*** Excerpted records ***
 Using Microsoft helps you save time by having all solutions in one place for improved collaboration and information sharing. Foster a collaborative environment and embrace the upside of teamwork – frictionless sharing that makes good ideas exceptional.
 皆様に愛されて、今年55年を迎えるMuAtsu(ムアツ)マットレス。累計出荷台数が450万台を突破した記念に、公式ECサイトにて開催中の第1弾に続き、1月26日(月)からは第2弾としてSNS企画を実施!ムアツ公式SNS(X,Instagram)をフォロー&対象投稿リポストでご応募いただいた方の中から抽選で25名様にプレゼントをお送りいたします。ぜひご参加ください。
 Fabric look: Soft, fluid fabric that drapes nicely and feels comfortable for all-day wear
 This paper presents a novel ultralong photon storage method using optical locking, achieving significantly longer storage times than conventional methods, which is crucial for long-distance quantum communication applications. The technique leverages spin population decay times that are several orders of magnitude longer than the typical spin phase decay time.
*** End of Excerpted records ***
*** Excerpted records ***
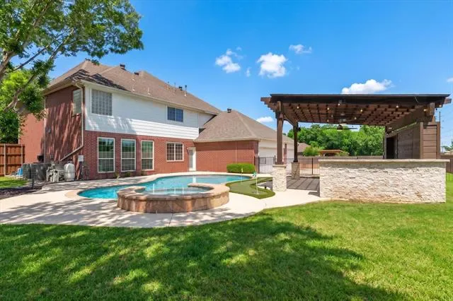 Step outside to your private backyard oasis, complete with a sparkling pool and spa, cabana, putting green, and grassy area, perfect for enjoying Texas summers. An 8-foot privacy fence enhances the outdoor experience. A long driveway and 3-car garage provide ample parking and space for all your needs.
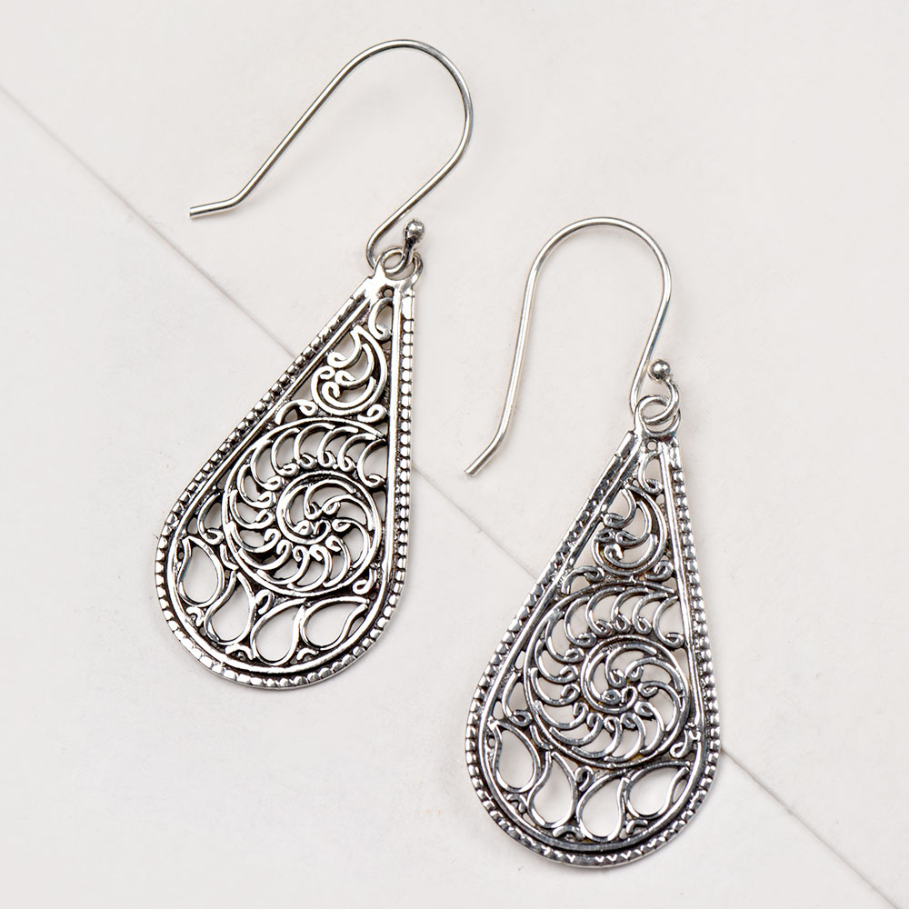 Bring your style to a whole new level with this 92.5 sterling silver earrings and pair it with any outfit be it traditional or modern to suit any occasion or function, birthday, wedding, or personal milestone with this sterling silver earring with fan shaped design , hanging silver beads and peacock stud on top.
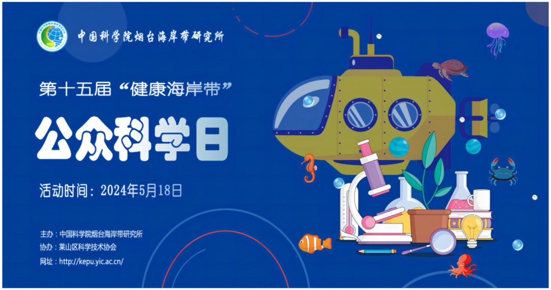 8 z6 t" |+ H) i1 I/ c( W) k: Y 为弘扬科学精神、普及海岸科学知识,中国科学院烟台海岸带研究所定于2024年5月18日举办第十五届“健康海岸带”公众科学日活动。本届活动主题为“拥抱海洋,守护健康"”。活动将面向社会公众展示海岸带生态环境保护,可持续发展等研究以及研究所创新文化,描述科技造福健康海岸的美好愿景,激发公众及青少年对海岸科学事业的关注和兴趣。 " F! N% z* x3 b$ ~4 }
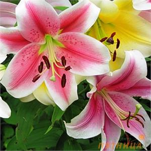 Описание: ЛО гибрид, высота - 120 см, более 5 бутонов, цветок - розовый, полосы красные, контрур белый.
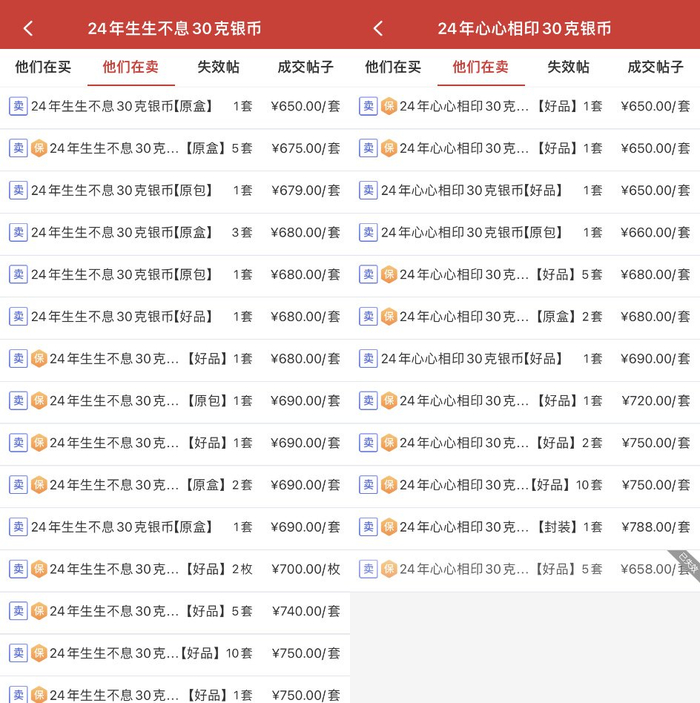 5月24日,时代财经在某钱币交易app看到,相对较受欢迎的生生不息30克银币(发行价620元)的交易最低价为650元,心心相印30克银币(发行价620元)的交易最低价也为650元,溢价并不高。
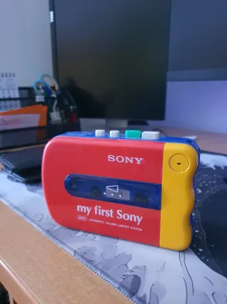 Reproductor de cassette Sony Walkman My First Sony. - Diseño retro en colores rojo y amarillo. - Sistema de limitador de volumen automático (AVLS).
*** End of Excerpted records ***
*** Excerpted records ***
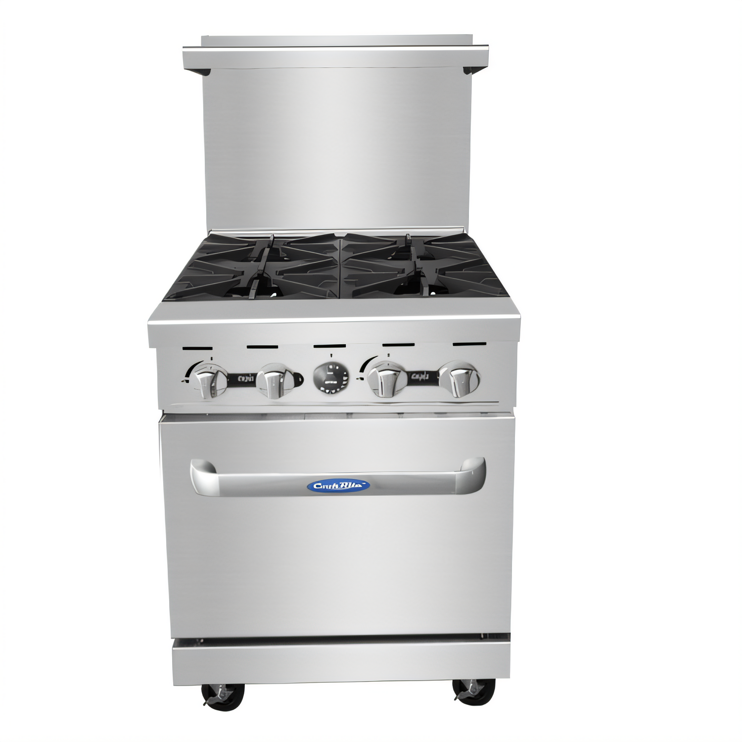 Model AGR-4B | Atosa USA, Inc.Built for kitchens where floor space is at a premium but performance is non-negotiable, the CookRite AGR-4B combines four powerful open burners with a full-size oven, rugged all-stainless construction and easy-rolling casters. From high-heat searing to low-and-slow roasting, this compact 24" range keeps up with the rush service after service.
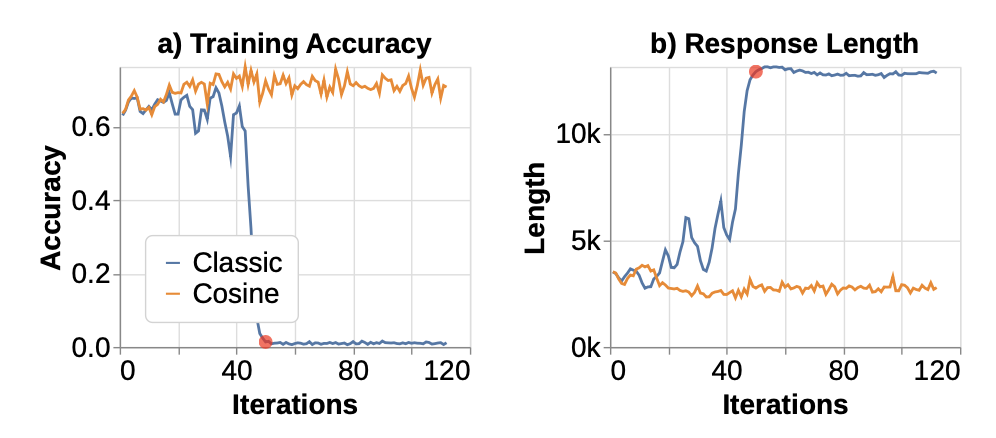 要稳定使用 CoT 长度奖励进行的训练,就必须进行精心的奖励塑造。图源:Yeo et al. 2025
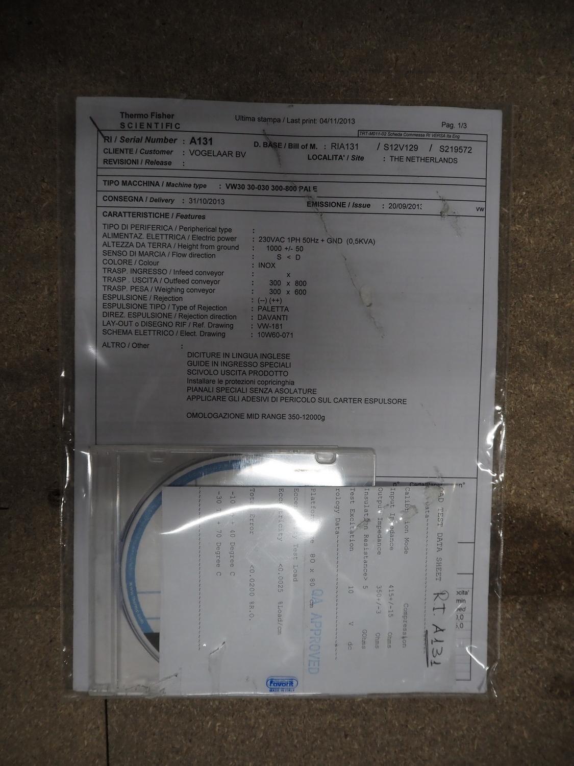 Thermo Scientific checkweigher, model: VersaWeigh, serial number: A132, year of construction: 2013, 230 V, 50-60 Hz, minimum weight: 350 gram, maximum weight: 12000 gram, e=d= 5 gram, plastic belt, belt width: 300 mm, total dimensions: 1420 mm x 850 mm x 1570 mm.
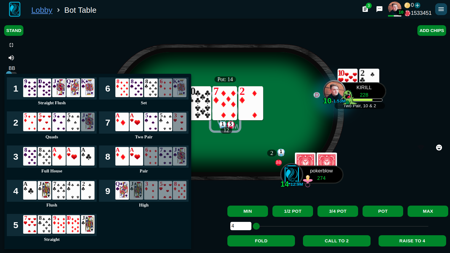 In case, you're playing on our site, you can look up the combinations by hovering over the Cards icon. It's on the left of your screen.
*** End of Excerpted records ***
● Aim of the exercise:
Print, from the entries above, the line with "Using Microsoft helps", the line with "皆様に愛されて、今年55年を" and all lines between them, exactly and with nothing else.

● Solution:
 Using Microsoft helps you save time by having all solutions in one place for improved collaboration and information sharing. Foster a collaborative environment and embrace the upside of teamwork – frictionless sharing that makes good ideas exceptional.
 皆様に愛されて、今年55年を迎えるMuAtsu(ムアツ)マットレス。累計出荷台数が450万台を突破した記念に、公式ECサイトにて開催中の第1弾に続き、1月26日(月)からは第2弾としてSNS企画を実施!ムアツ公式SNS(X,Instagram)をフォロー&対象投稿リポストでご応募いただいた方の中から抽選で25名様にプレゼントをお送りいたします。ぜひご参加ください。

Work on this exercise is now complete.